Splunk Search

Slow Indexer Problems

Jarohnimo
Builder

I have a 2 TB Indexer 12 CPUs, 12GBs of memory. We didn't get a chance to have a say in the storage teir and i imagine we have the slowest storage immaginable. Definitely not the 800 IOPS splunk requires.

I'm noticing 20 second spike all the time with my indexqueue and also spikes at times with my parsingqueue

Can someone tell me if these problems could cause data loss or things such as alerts not firing off? I'm noticing now that some of the results i look for in splunk are not there even though splunk is monitoring those logs. it takes a LONG time for splunk to show that the info is in there.

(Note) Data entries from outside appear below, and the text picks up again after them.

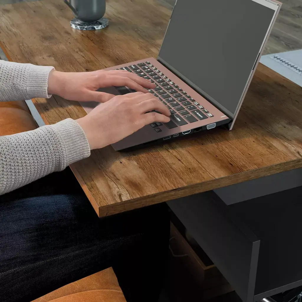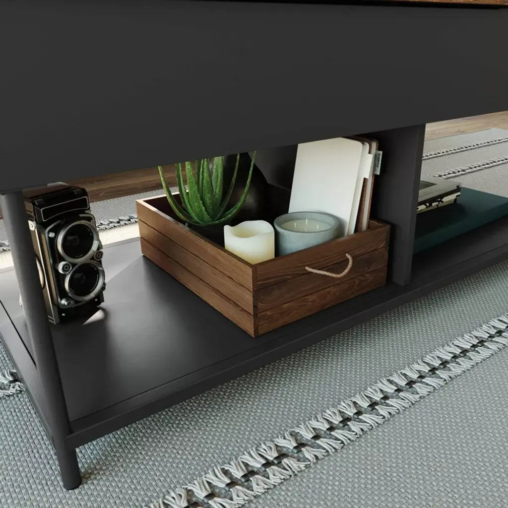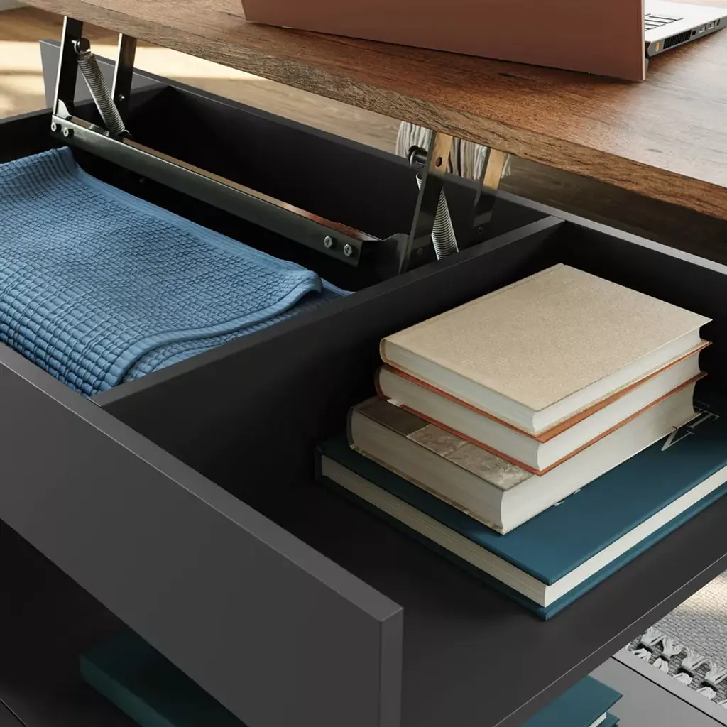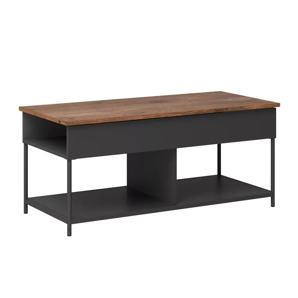 A lift-top coffee table transforms a living room from a passive place of relaxation to an active space where memories are made around the coffee table. This lift-top coffee table from the Boulevard Café collection will convert your living room or den into one of those magical, memory-making spaces. This table with storage features a top that lifts up and forward to create a versatile work surface for activities like snacking or playing board games. A divided area underneath the top of this wood lift top coffee table is the perfect hidden storage space for items like remotes, instruction booklets, and more. Open side access for additional storage beneath the lift top of this pop-up coffee table holds books, magazines, collectibles, and more. A lower additional shelf for storage and display of blankets or organizing bins is another multifunctional feature of this table with storage. Finished on all sides for versatile placement in any room of your home, this wood top coffee table looks great from every angle. With a durable, powder coated metal frame with a Black finish and Vintage Oak® accents, this coffee table with lift-top has enough features to impress anyone, and it looks good doing it.
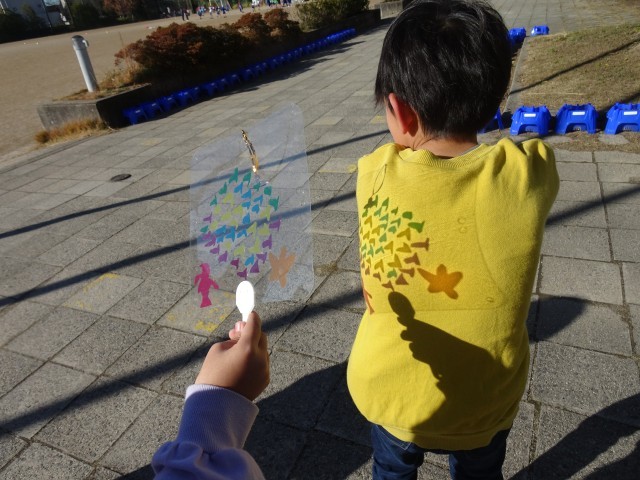 友達の背中に写して「○○くんの背中にも写って、おもしろい!」と楽しむ子。
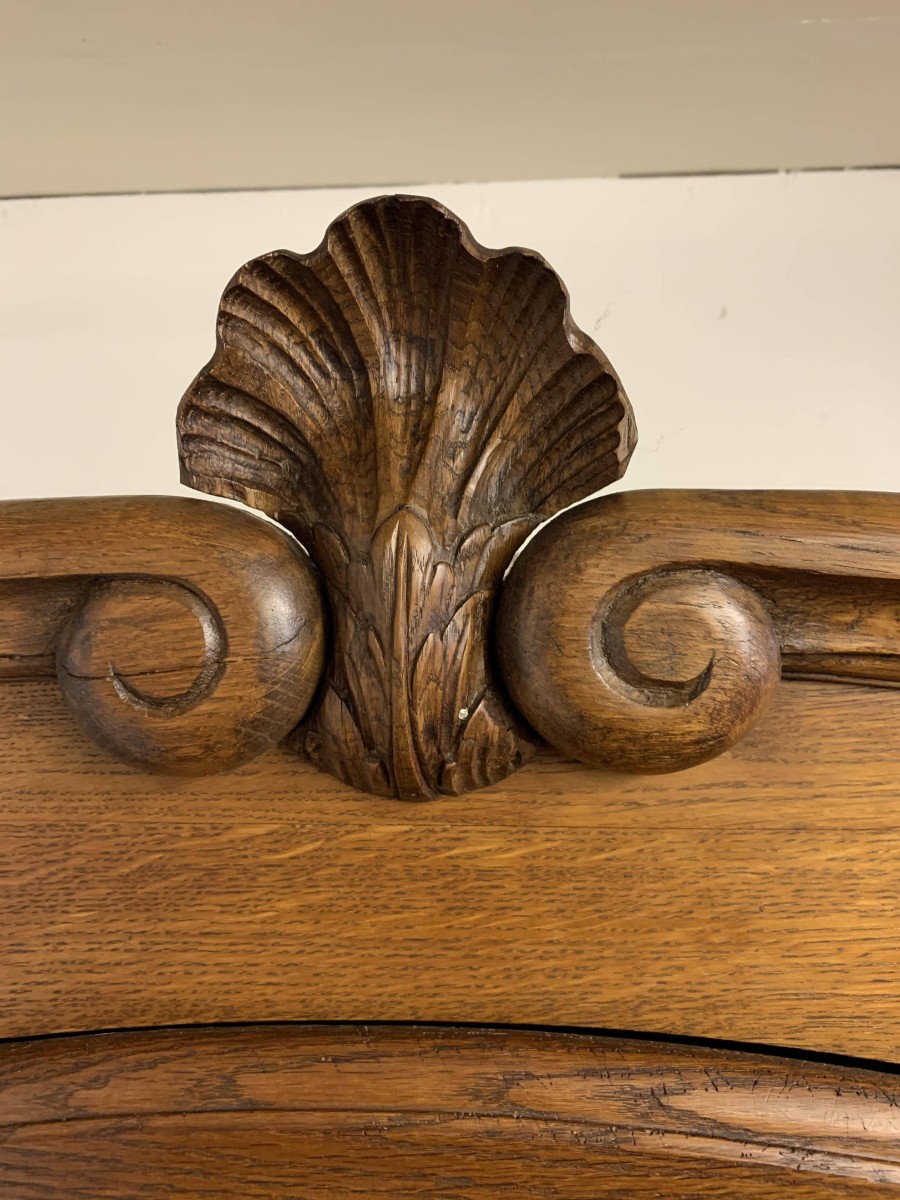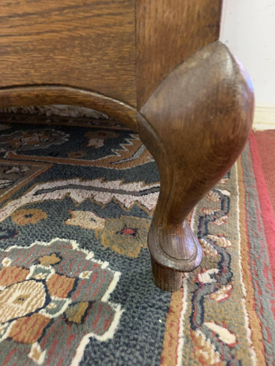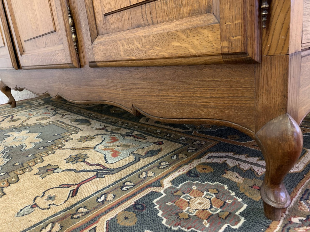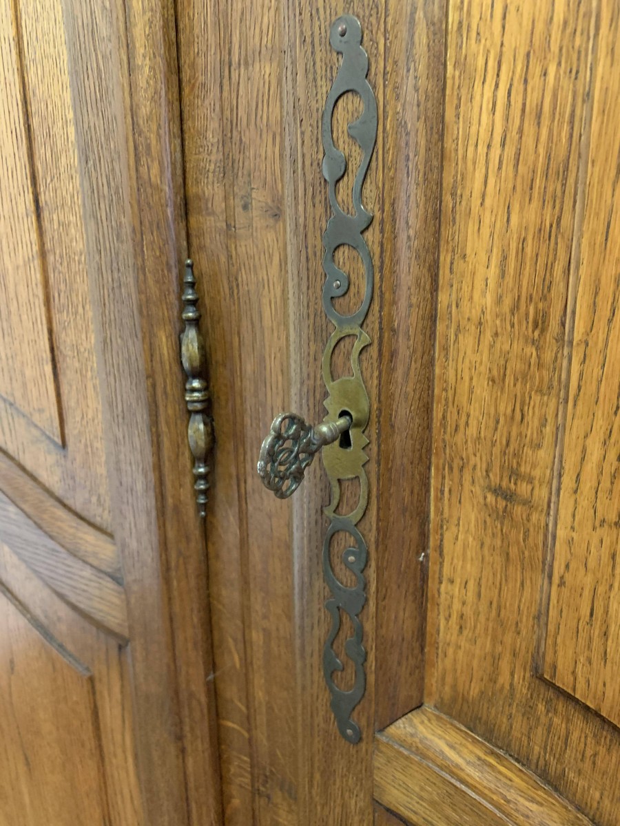 The shaped oversailing top rises to a decorative central carving. Below are three shaped recessed panelled lockable doors, each door having brass hinges decorative brass escutcheon and key. The central and left-hand door open to reveal a shelf above a brass hanging rail. The right-hand door opens to reveal three adjustable and removable shelves. Recessed panelled sides, shaped skirt, this armoire stands on two cabriole shaped legs to the front. Please note this wardrobe splits down for easy transportation and delivery into any home.
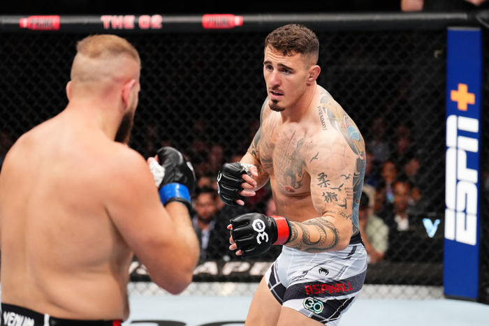 UFC 헤비급 랭킹 5위 톰 아스피날(30·영국)은 23일(한국시간) 영국 런던 O2아레나에서 열린 ‘UFC 파이트 나이트: 아스피날 vs 티부라’ 메인 이벤트 헤비급 경기에서 랭킹 10위 마르신 티부라(37·폴란드)에 1라운드 1분 13초 펀치에 의한 TKO승을 거뒀다.
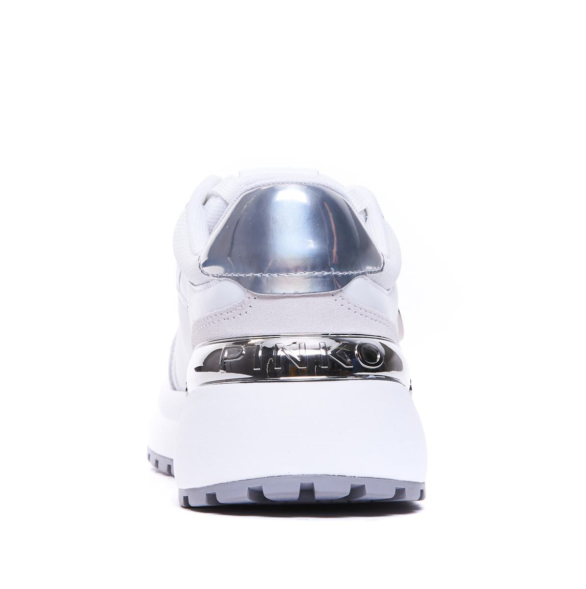 Pinko White And Silver Gem 01 Sneakers, Leather, Rubber And Suede Upper, Rubber Sole, Round Toe, Lace Closure, Tongue And Lateral Logo, Silver Effect, Eu size (IT)
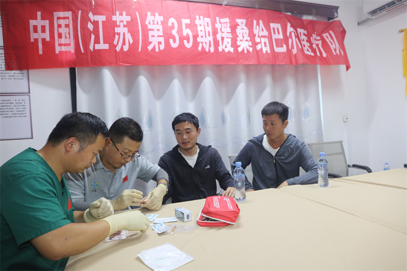 “多虧了中國(guó)醫(yī)療隊(duì),我懸著的心終于放下了!”不久前,一名在桑給巴爾旅游的中國(guó)游客因持續(xù)發(fā)熱,疑似感染瘧疾,緊急向總領(lǐng)館求助。醫(yī)療隊(duì)隊(duì)長(zhǎng)包增濤和瘧疾防治專家劉耀寶接到總領(lǐng)館通知后迅速背起藥箱,穿越石頭城的大街小巷,趕至患者下榻的酒店,現(xiàn)場(chǎng)為其進(jìn)行瘧原蟲(chóng)檢測(cè)、并進(jìn)行了隨訪觀察,針對(duì)其癥狀提供了對(duì)癥治療建議。
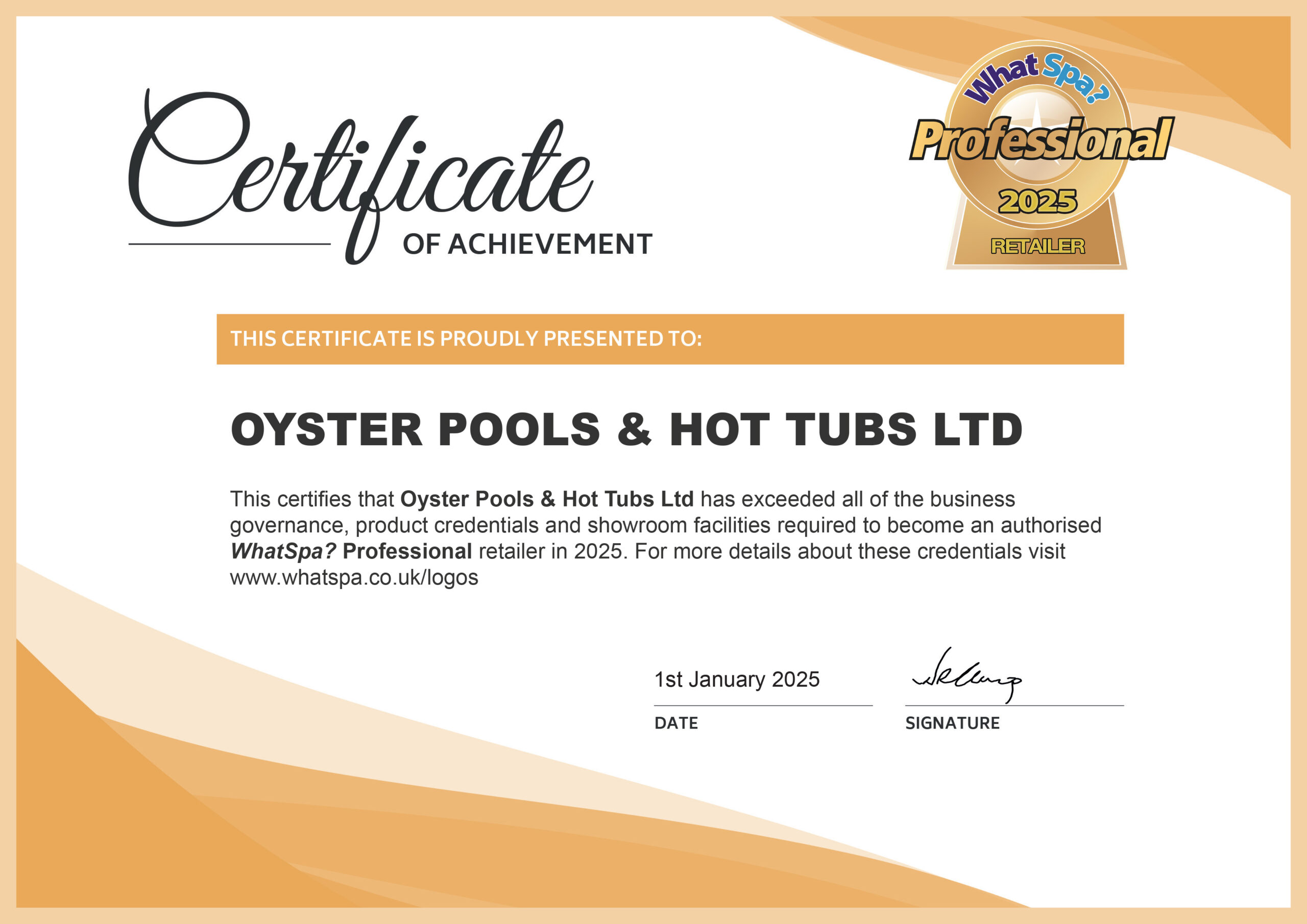 Oyster Pools & Hot Tubs Ltd is a WhatSpa? Professional retailer. See our current certificate of approval here.

I'm pretty sure the answer is to get Splunk on faster Storage... i just would like someone to explain the queues thanks.

0 Karma

Jarohnimo
Builder

Roughly 160gb a day. Definitely don't want to adjust the queue if just fixing the storage is the real issue

I'd imagine the current queue would fair well with 3000 iops vs the 80 iops we have now according to splunk

0 Karma

somesoni2
SplunkTrust
SplunkTrust

Quick facts: When data comes to Splunk from forwarders, it goes through various queues to handle different index time operations (amazing explanation here http://docs.splunk.com/Documentation/Splunk/6.6.1/Indexer/Howindexingworks). Spikes in queue means the operation there is not efficient.

0 Karma

Jarohnimo
Builder

I ran a report to show me the queues and I see some queues go up to 90. I assume this is 90 seconds wait time... Horrid!!

Anyone with experience can tell me if this level of latency on the disk can cause alerts to never fire off?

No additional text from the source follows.